The voice of Katie Kampenfelt is so absolutely authentic that it is hard to believe this book is a work of fiction…and that’s a good thing. Katie is impulsive, witty, naïve, wanton, intelligent and unapologetic. She decides to defer college for a year to “discover her bliss” and documents that time in a blog…an anonymous blog. The result is a hauntingly, painfully honest (and hysterically sarcastic) window into her soul.

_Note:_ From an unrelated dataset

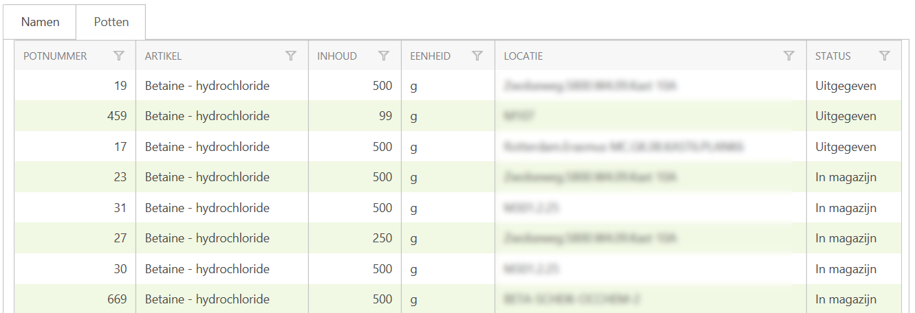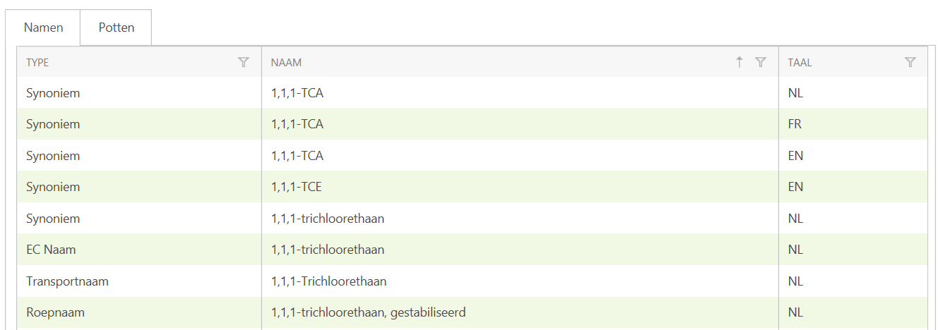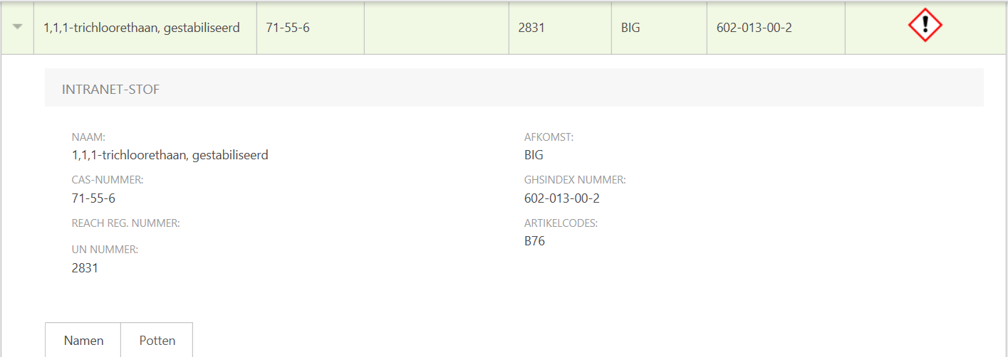 You can see that the arrow next to the substance name has changed direction (). This means that you are now looking in the detail view. In addition to the information you already saw in the grid, you will also see the article code. Below that you will see two tabs: names and pots.

There’s a broad appeal to Undiscovered Gyrl, it is enjoyable on the surface as YA fiction and yet profound enough to become classic coming of age literature. This book is funny and entertaining, relatable and relevant. It flawlessly captures the usual struggles of youth magnified today by the internet, texting, and the other “always available” technologies of this generation. At a deeper level, it is frank and inadvertently cautionary without being preachy or artificial in any way. There is one thing that bothered me about this book that unfortunately I cannot discuss without being a spoiler. I will just say that without that one part, the book is superb, and with it, it’s still a great read with one unfortunate and annoying blemish. Regardless, I thoroughly enjoyed this book it is supremely clever and extremely readable. Bravo, Allison Burnett!